The Democrats and Obama agreed to the deals and will find it difficult
to draw back so that they can move forward on another front. The
expanding crisis, however, might compel them to move in a different
direction. Austerity measures always hurt the less privileged and how
the new president and his team deals with this will determine their
future.
It is an awful time to be elected president, but it is also a challenge,
and Franklin Roosevelt accepted such a challenge in the 1930s by
imposing a social-democratic regime of regulation, public works and an
imaginative approach to popular culture. He was helped by the existence
of a strong labour movement and the American left: the
Reagan-Clinton-Bush years helped to destroy the legacy of the New Deal.
It is a new economy, heavily dependent on global finance and a
deindustrialised America.
Does Obama have the vision or the strength to turn this clock back and
forward at the same time? In the realm of foreign policy, the
Obama/Biden approach has not been too different from that of Bush or
McCain. A New Deal for the rest of the world would require a rapid exit
from Iraq and Afghanistan and no further adventures in these regions or
elsewhere.
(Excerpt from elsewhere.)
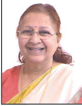
சபாநாயகர் திருமதி சுமித்ரா மகாஜன்

சபாநாயகர் இல்லாத காலங்களில் மக்களவையால் தேர்ந்தெடுக்கப்பட்ட துணை சபாநாயகர் அவையை நடத்துவார்.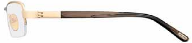
772 ORO ROSÈ LUCIDO, TERMINALI MARRONE RIGATO SHINY ROSE GOLD, STRIPED BROWN TEMPLE TIPS

Biden has virtually committed himself to a Balkanisation of
Iraq, which now appears less likely since the rest of the country as
well as Iran and Turkey are opposed, for different reasons, to the
creation of an Israeli-American protectorate in Northern Iraq with
permanent US bases. Obama would be best advised to announce a rapid and
complete withdrawal. Apart from all else, the costs are now prohibitive.
And sending troops based in Iraq to Afghanistan would only recreate the
mess elsewhere. As numerous British diplomatic, military and
intelligence experts have warned, the war in South Asia is lost.
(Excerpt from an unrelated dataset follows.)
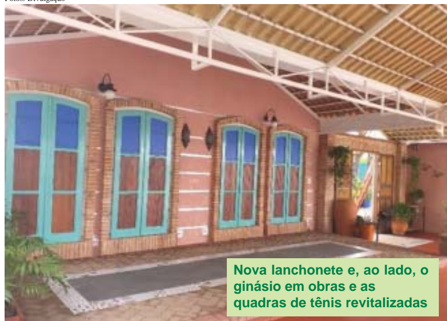
Nova lanchonete e, ao lado, o ginásio em obras e as quadras de tênis revitalizadas

Washington is certainly aware of this fact. Hence the panic-induced
negotiations with the neo-Taliban. One can only hope that Obama's
foreign policy advisers will force a retreat on this front as well.
What of South America? Surely Obama should mimic Nixon's trip to Beijing
and fly to Havana, ending the economic and diplomatic embargo of Cuba.
Even Colin Powell acknowledged that the regime had done a great deal for
its people. It will be difficult for Obama to preach the virtues of the
free-market, but the Cubans could certainly help him in establishing a
proper healthcare system in the United States. This would be change that
most Americans would be happy to believe in. Other lessons are also on
offer from other South American countries that foresaw the crisis of
neoliberal capitalism and began to restructure their economies over a
decade ago.
If change means that nothing changes and all we have is imperialism with
a human face, then those who have put Obama in the White House might
decide after a few years have passed that a progressive party in the
United States has become a necessity.
PS: Fate and history: The same day that Spain denied the son of Osama
Bin Laden political asylum, Obama appointed the son of an Irgun
terrorist as his Chief of Staff. Osama's son declared that he did not
agree with his father's actions or opinions. Rahm Israel Emmanuel is an
Israel-firster, a pro-war DLC hack and a bully. Not an auspicious start.
Tariq Ali’s latest book, ‘The Duel: Pakistan on the Flight Path of
American Power’ is published by Scribner.